In the entries below, copy only the lines from the one that contains "More information about" through the last line, exactly, and omit any pictures.

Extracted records
----------------

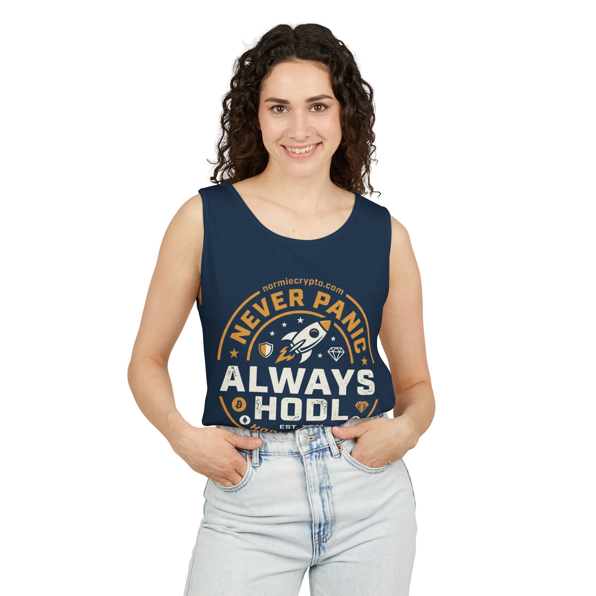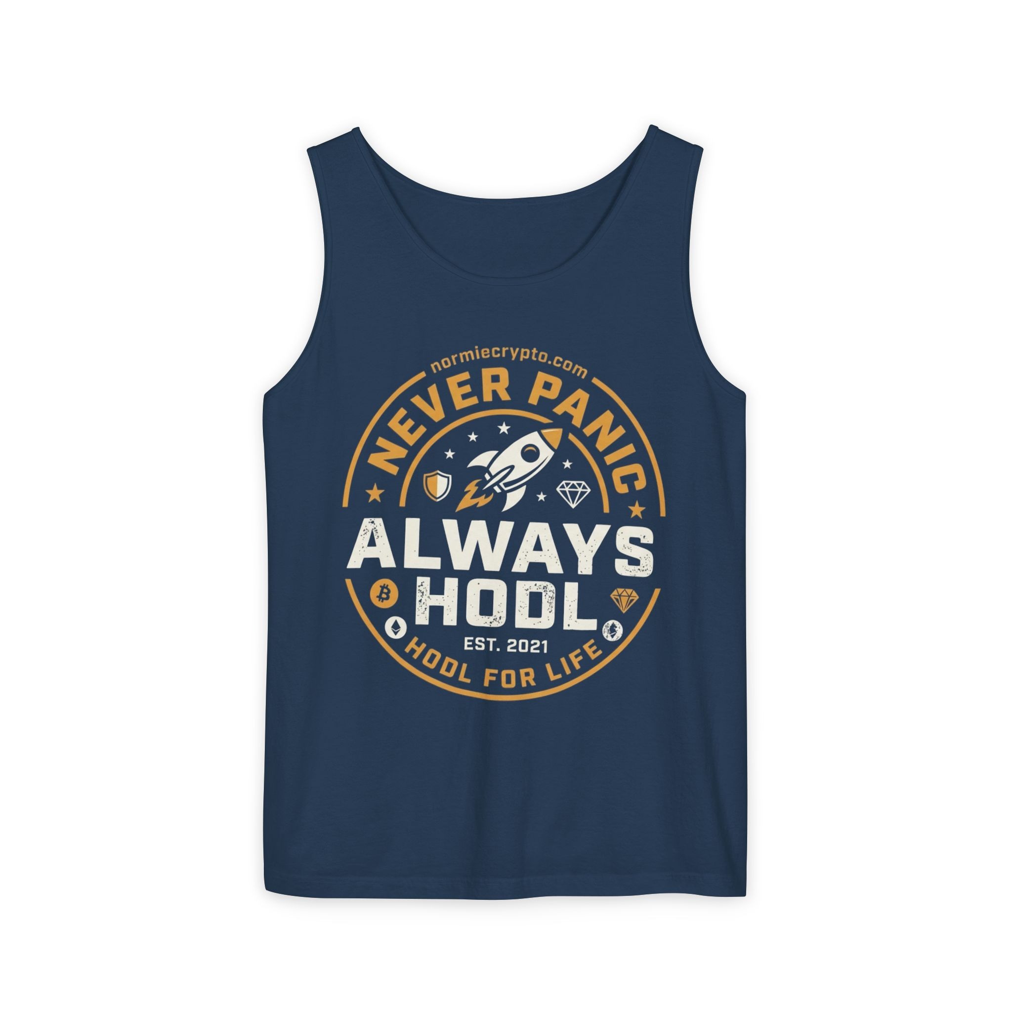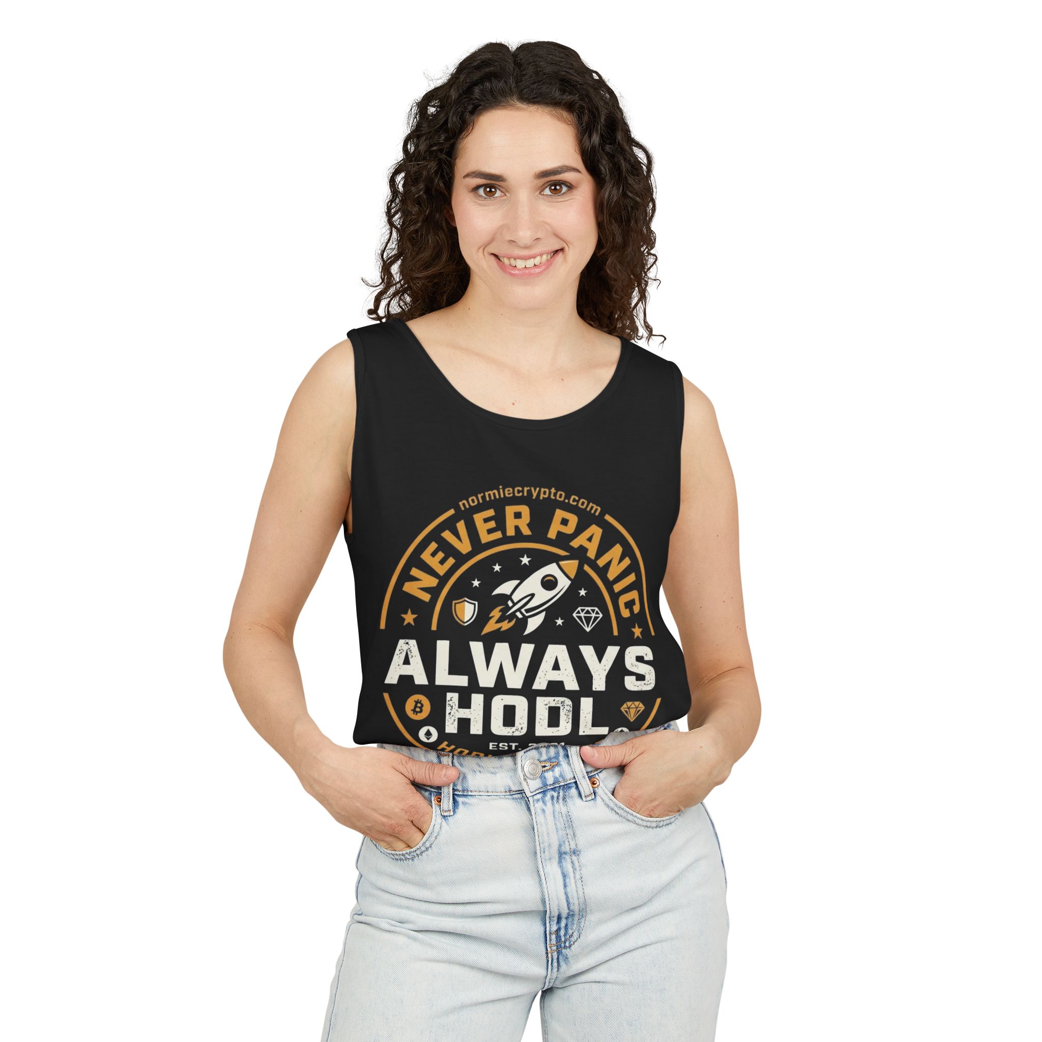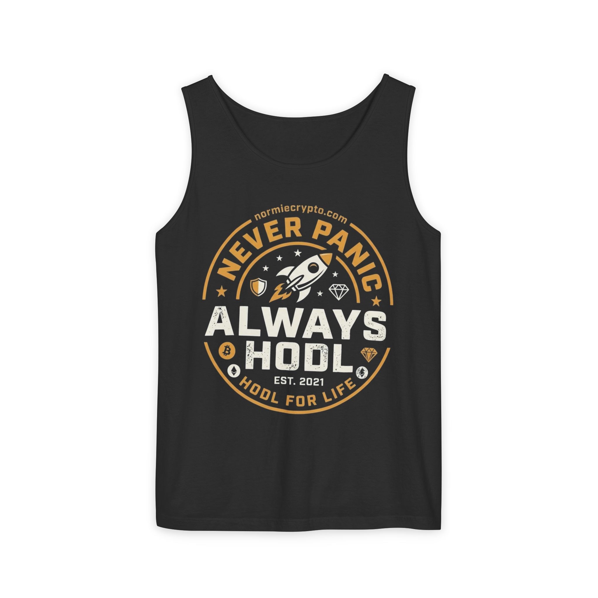 A relaxed, garment-dyed tank that wears in like a favorite old tee and carries a playful, crypto-inspired vibe. Soft, midweight ringspun cotton drapes casually over the shoulders while the muted dye and simple screenprint announce, “Never Panic — Always HODL.” Short, confident sentences evoke post-trade calm: a slow breath after market dips, a laugh with friends about long-term patience, a daily reminder to stay steady. The cut is roomy without feeling oversized; the seamless tube knit keeps lines clean and fuss-free. Wear it to meetups, weekend runs, or as a layering piece under a hoodie when evening charts roll in. The small printed tag and subtle back QR add a modern, maker-focused touch that speaks to folks who live between code, coffee, and community.
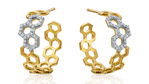 Shortly after learning about the Birks campaign, I discovered that New York-based jewelry brand Gumuchian is launching the “B” collection in Las Vegas, which also gives honeycomb the gold and diamond treatment and benefits a bee-based charity.
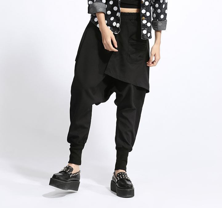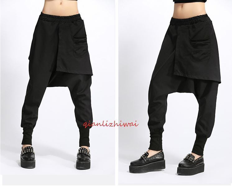 「ALL-CHAMP」サルエルパンツ カジュアルパンツ ガウチョ レディース メンズ ユニセックス 黒 ブラック モード オルチャン 韓国ファッション 3
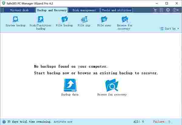10/8.1/8/7/Vista/XP应用程序。备份数据后,硬盘驱动器崩溃或意外删除几乎不会那么痛苦。通过内置的备份和恢复功能,您可以在几分钟内将整个Windows系统备份恢复到原始或新位置,备份整个磁盘或卷、备份特定文件、文件夹或网络共享文件。
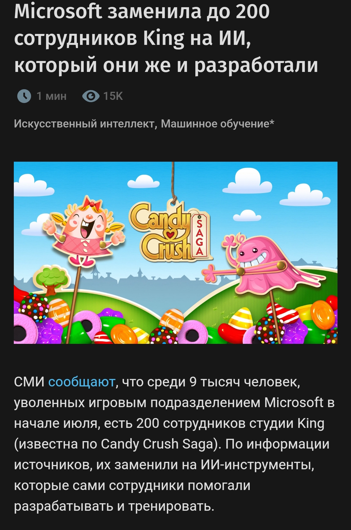 Ну так когда ещё говорили, года два назад что после покупки активижн майкрософт просто начнёт всех потихоньку всех сокращать пока пару студий разрабов сервисов останется. Вот оно и происходит уже давно, ещё в том году пошло когда разрабов прей, хай фай раш и ещё каких то там закрыли, потом ещё сократили, потом ещё сократили, этот год начался с закрытий, щас ещё закрыли и сократили. Вот оставят тех кто колду делает, диабло там, море воров, тот выживач про уменьшенных пиздюков, вот таких типа. А остальные нахуй пойдут. Вот оставят у беседки штат который будет апдейты к 76 делать и хорош.
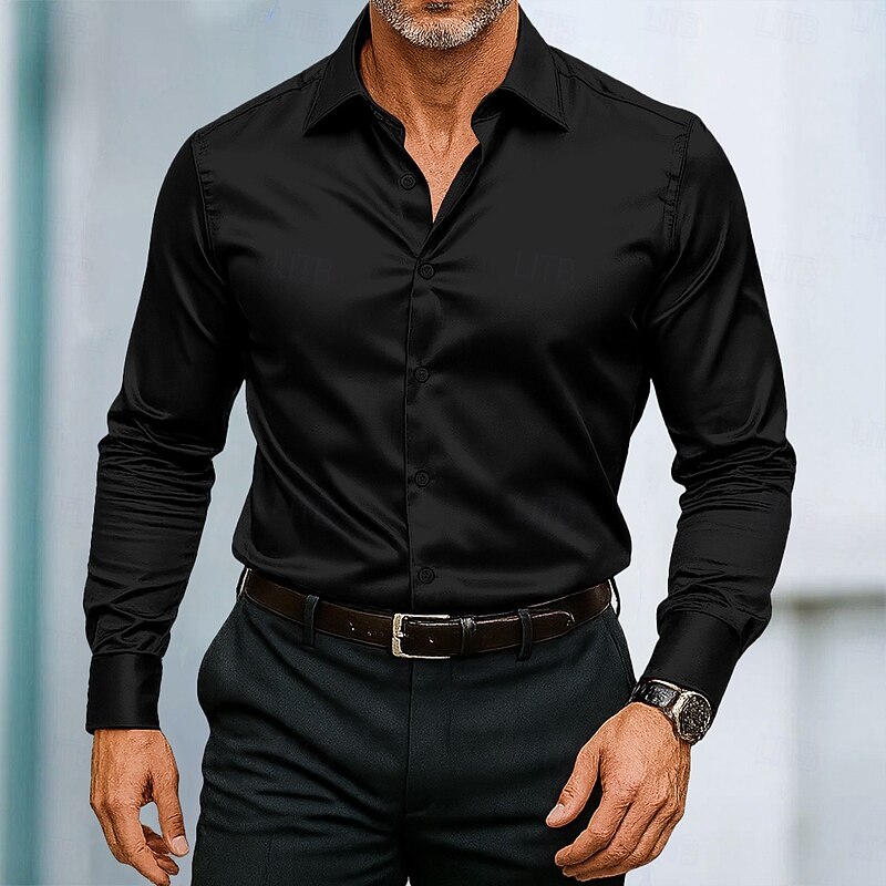More information about Men's Shirt Satin Shirt Dress Shirt Casual Shirt Button Up Shirt Prom Shirt Plain Formal Wedding Black White Wine Blue Long Sleeve Lapel All Seasons Clothing Apparel
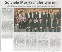 Die CDU/FDP-Kreistagsfraktion war zu Gast in der Kreismusikschule. Bei der Gelegenheit konnte Vorsitzender Matthias Müller auch über die Arbeit der Kontaktstelle Musik Rotenburg-Bremervörde berichten. Die Rotenburger Kreiszeitung berichtete über den Besuch am 09. Februar 2011.
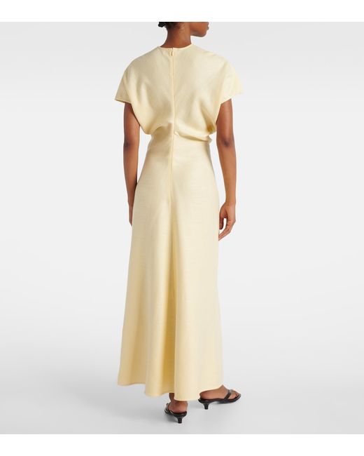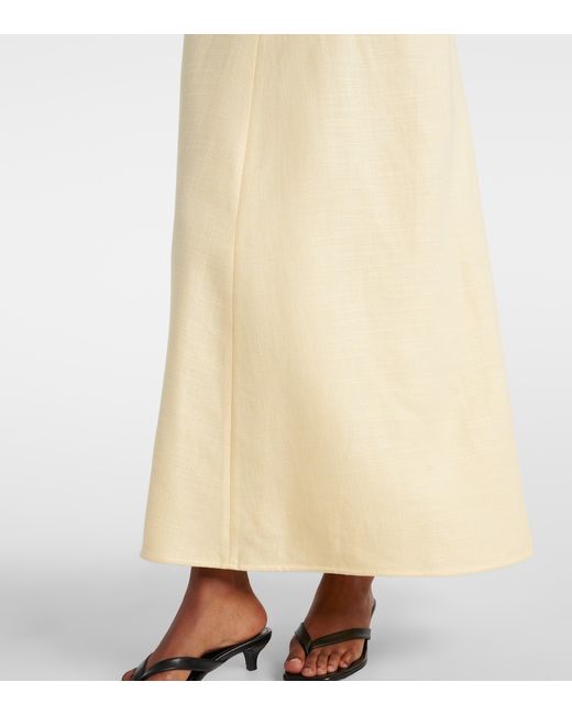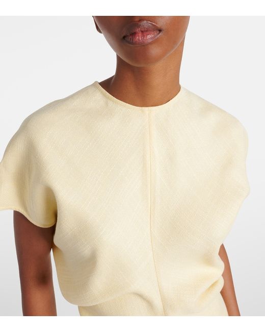 Material: 67% viscose, 24% linen, 9% cotton. Care instructions: dry clean. Made in Portugal. Designer color name: Straw. Item color: yellow. Closure: zipped back.

----------------

● **ANSWER**:
More information about Men's Shirt Satin Shirt Dress Shirt Casual Shirt Button Up Shirt Prom Shirt Plain Formal Wedding Black White Wine Blue Long Sleeve Lapel All Seasons Clothing Apparel
 Die CDU/FDP-Kreistagsfraktion war zu Gast in der Kreismusikschule. Bei der Gelegenheit konnte Vorsitzender Matthias Müller auch über die Arbeit der Kontaktstelle Musik Rotenburg-Bremervörde berichten. Die Rotenburger Kreiszeitung berichtete über den Besuch am 09. Februar 2011.
 Material: 67% viscose, 24% linen, 9% cotton. Care instructions: dry clean. Made in Portugal. Designer color name: Straw. Item color: yellow. Closure: zipped back.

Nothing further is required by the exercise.